From conducting research interviews in Brussels as Germany took the first steps toward demolishing the Berlin Wall, to publishing highly regarded research on the continent’s political processes, to mentoring generations of European Union scholars, Sbragia has had an incalculable influence on the field of European Union studies.

Sbragia’s contributions will be formally recognized when the European Union Studies Association confers on her its Award for Lifetime Achievement in the Field of EU Studies at the organization’s 13th Biennial Conference, May 9-11 in Baltimore, Md. Sbragia chaired the European Union Studies Association, the foremost national association for experts in that field, from 1993 to 1995. The association is now headquartered at Pitt.

“The executive committee of the European Union Studies Association was unanimous in its choice of Dr. Sbragia, given her work mentoring students, her own scholarship, and also for being so instrumental in bringing the European Union Studies Association to Pittsburgh and giving it a permanent home,” said Michelle Egan, vice president of the European Union Studies Association, associate professor in American University’s School of International Service—and Sbragia’s first doctoral student. “Dr. Sbragia is very well known for promoting young scholars and doctoral students, for building up European Union studies at Pitt, and for attracting scholars and practitioners to the University,” Egan added.

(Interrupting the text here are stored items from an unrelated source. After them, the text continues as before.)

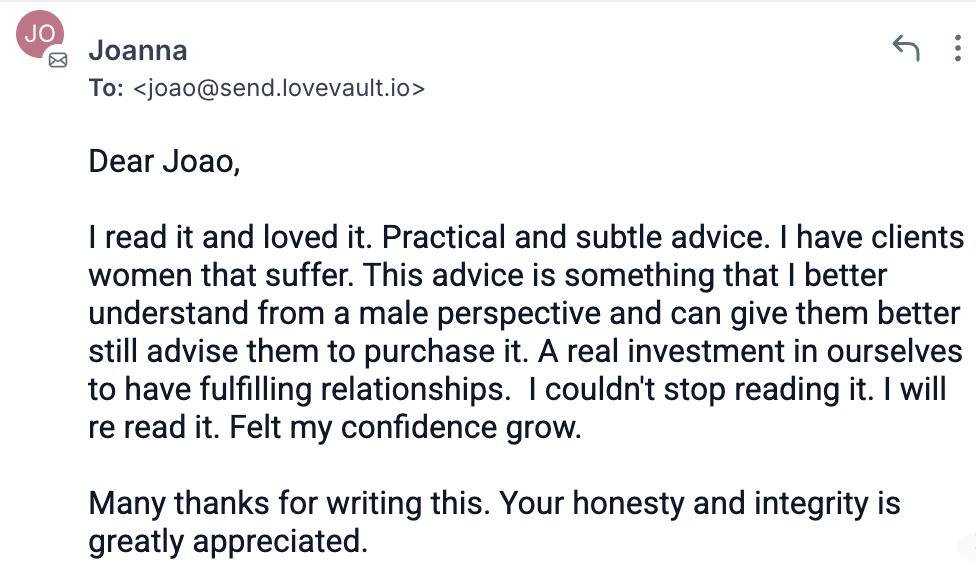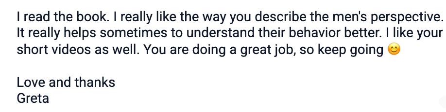 Whether it’s through my book or other products about understanding men, it simply doesn’t matter.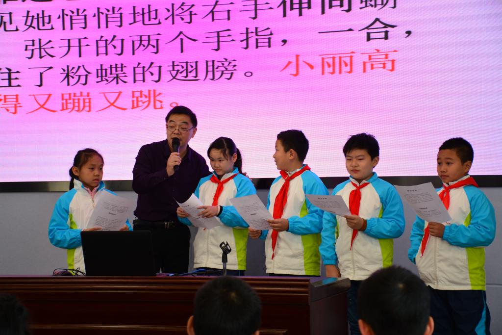 此次活动,最让大家高兴的是,有机会聆听安徽省亳州市谯城区进修学校副校长吴守涛老师的习作指导课和学术讲座。吴老师是首届“全国百佳语文教师”,特级教师,虽然担任亳州市谯城区进修学校副校长,但一直坚守在小学语文课堂的第一线,致力于小学习作教学的研究。上午9点,在大家的满怀期待中,吴老师走上讲台,开始了他的精彩课堂——习作指导课《动作描写》。上课前的短暂交流,吴老师让学生仔细观察,说说对他的第一印象。面对学生的童言无忌,他更是诙谐睿智地应对,让学生即刻与他亲近了起来。课堂上,吴老师首先用2个范例“拔河比赛”“小丽捉粉蝶”引路,引导学生自己发现、总结动作描写具体的方法。然后通过2个小魔术“徒手变钱”“白纸变钱”,让学生现场练笔试写,学会将动作描写具体。整个教学过程中,台上台下欢声笑语不断,吴老师神态、动作夸张,评价中肯激趣,牢牢抓住了学生的心。在与学生的对话中,他巧妙点拨、渗透方法:仔细观察,抓住细节,把动作分开来写,展开丰富的想象,写出自己的感受……整个课堂,循序渐进,扶放结合,所有的设计看似顺手捏来,实则匠心独运。一节课下来,大多数学生的习作已经大致成篇了。玩中学,学中玩,学生们不仅掌握了习作的技巧,还学得开心。让所有听课老师印象深刻的是:尽管下课铃响了许久,学生还围在讲台前不愿离去,有的向吴老师讨教魔术,有的将习作举到他面前非要他看看……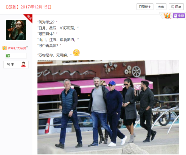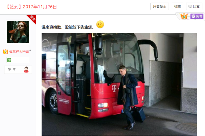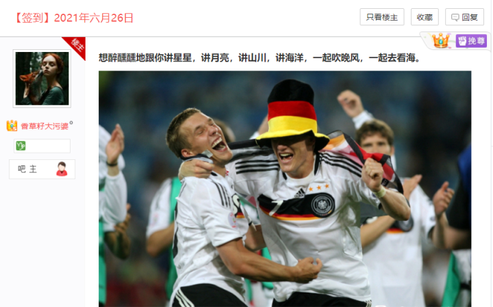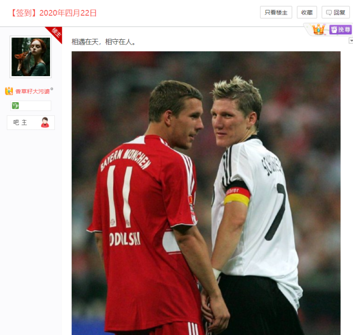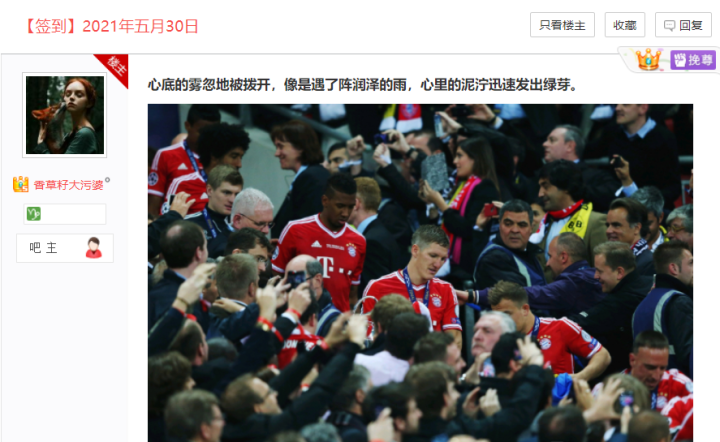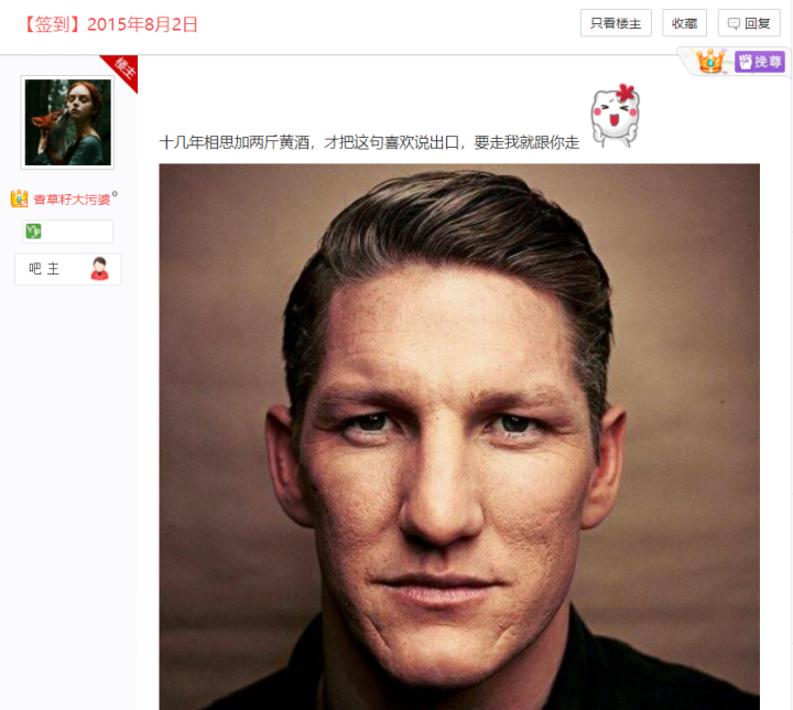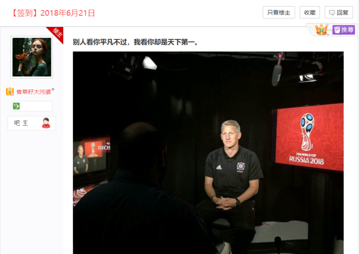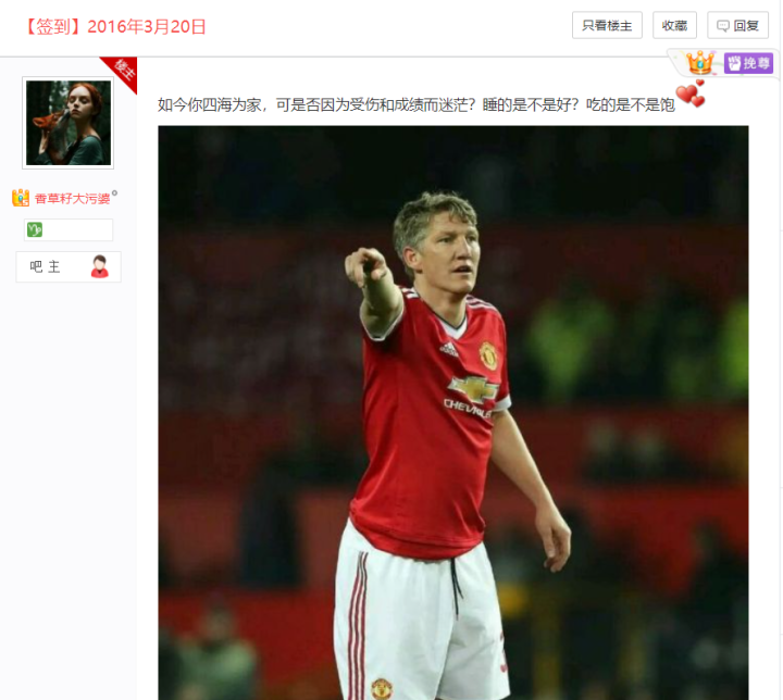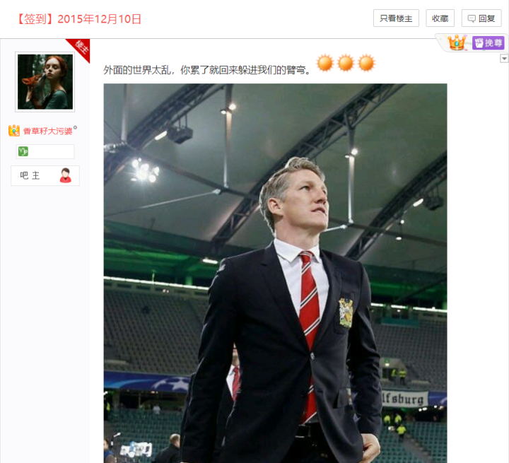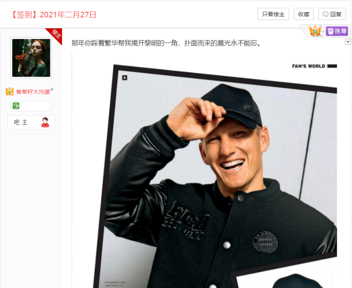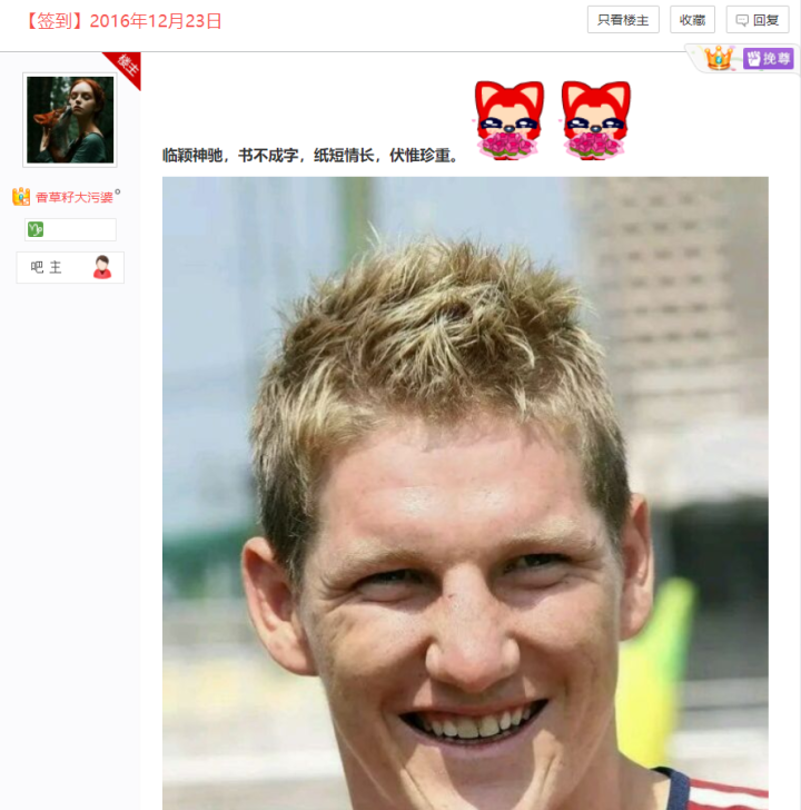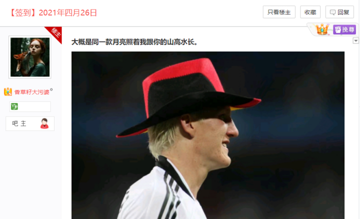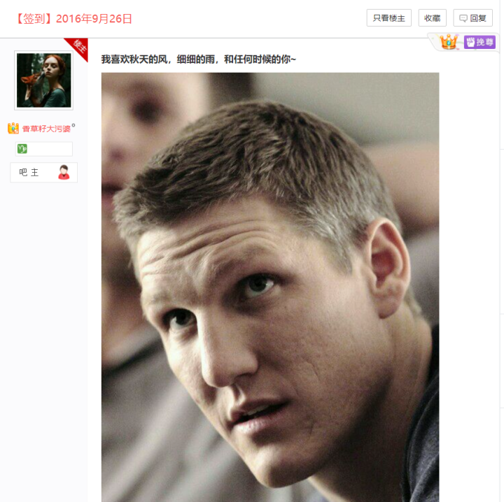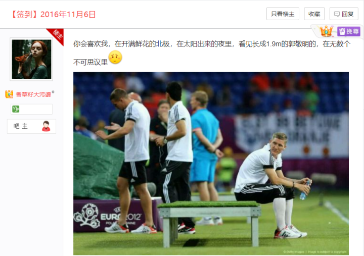 看资料,香草在X吧入驻时间长达11.1年,期间内容九成以上都是围绕“小猪”,但真正形成体系是在2015年7月左右,转折事件是拜仁慕尼黑俱乐部来北京打商业比赛,或许是因为终于等到了与心爱球队近距离接触的机会,她站立在人潮中,看千百双手挥舞,却没能看到心爱球星的影踪(两个月前,施魏因斯泰格离开了效力十七年的拜仁慕尼黑,转会去了曼联),百感交集之下开始了漫长而又单调、深情又不落俗套的表白,从那时起,一图一文一签到,一心一人一小猪,日复一日,年复一年,风雨无阻,延续至今。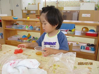 - 寒天ってプニプニしてるね!見て、形が変わったよ~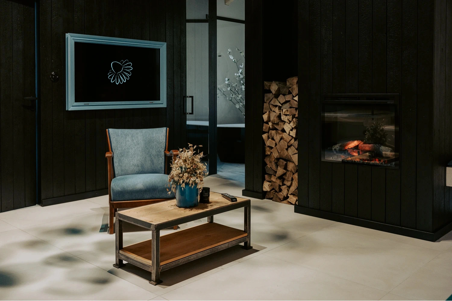 It's hard to talk about a mill without a mill wheel. And that is why we can offer our exceptional guests an unforgettable experience in the WATER room. Watch the never-ending water cycle from the comfort of your bed in our largest room. Peacefully watch as the eight-metre mill wheel turns with the power of the water current. Stone walls, a fireplace, oak beams and a stylish chandelier complete the overall atmosphere of tranquility. You can also enjoy the water in a freestanding black bath overlooking the meadows and barn.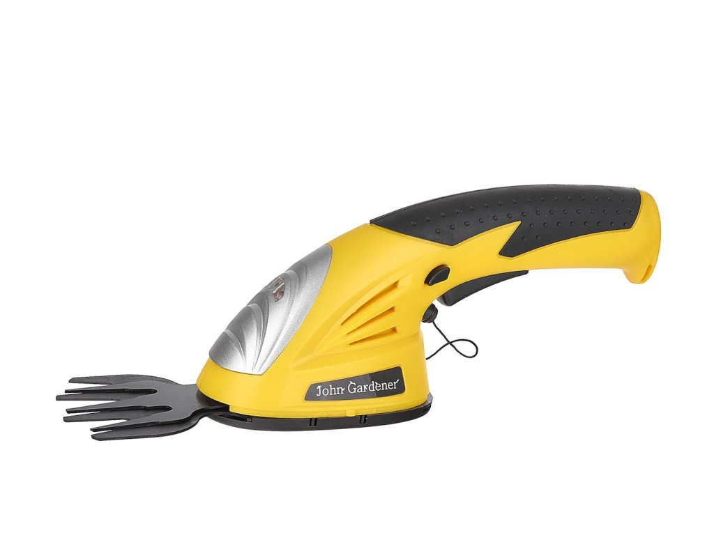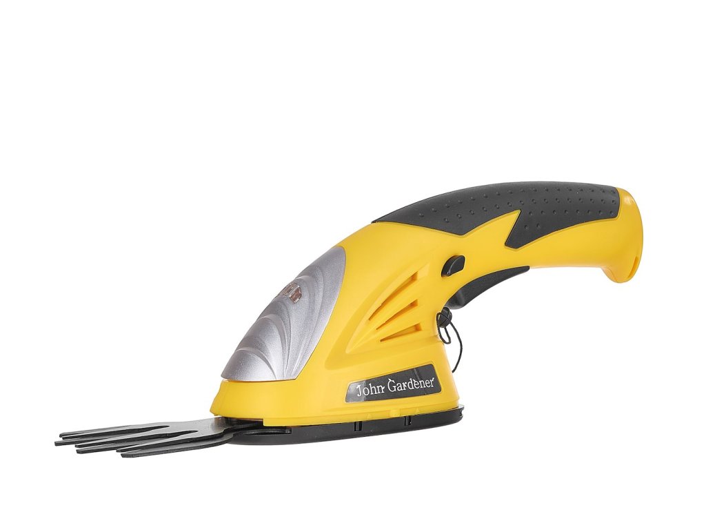 Akumulátorové nůžky s rukojetí 7,2 V Li-Ion 1,3 Ah značky John Gardener. Určené k řezání a stříhání tenkých výhonků v živých plotech, keřích a okrasných keřích. Po nasazení rukojeti ideální pro stříhání trávy u okrajů a na malých plochách v domácích zahradách.

Sbragia, one of the world’s foremost experts on European politics and economics and a leading authority on the teaching of international affairs, joined Pitt’s faculty in 1974, teaching American and European urban politics and policy.

In 1983, she was a visiting associate professor at Harvard University; she returned to Pitt the following year to become the inaugural director of Pitt’s West European Studies Program, now Pitt’s European Studies Center, a post she would hold until October 2010.

In 1998, Sbragia was named director of Pitt’s European Union Center, one of the original 10 such centers in the United States funded by the European Commission. In 2005, the center was elevated to the status of a European Union Center of Excellence. Sbragia served as director until October 2010.

“Professor Sbragia has been and continues to be a preeminent scholar on European politics, but she also is a visionary leader in European studies,” said Larry Feick, senior director of international programs and director of Pitt’s University Center for International Studies. “It was through her efforts that we were able to establish centers at Pitt on Europe and the EU and were able to bring to campus (twice!) José Manuel Barroso, the president of the European Commission.”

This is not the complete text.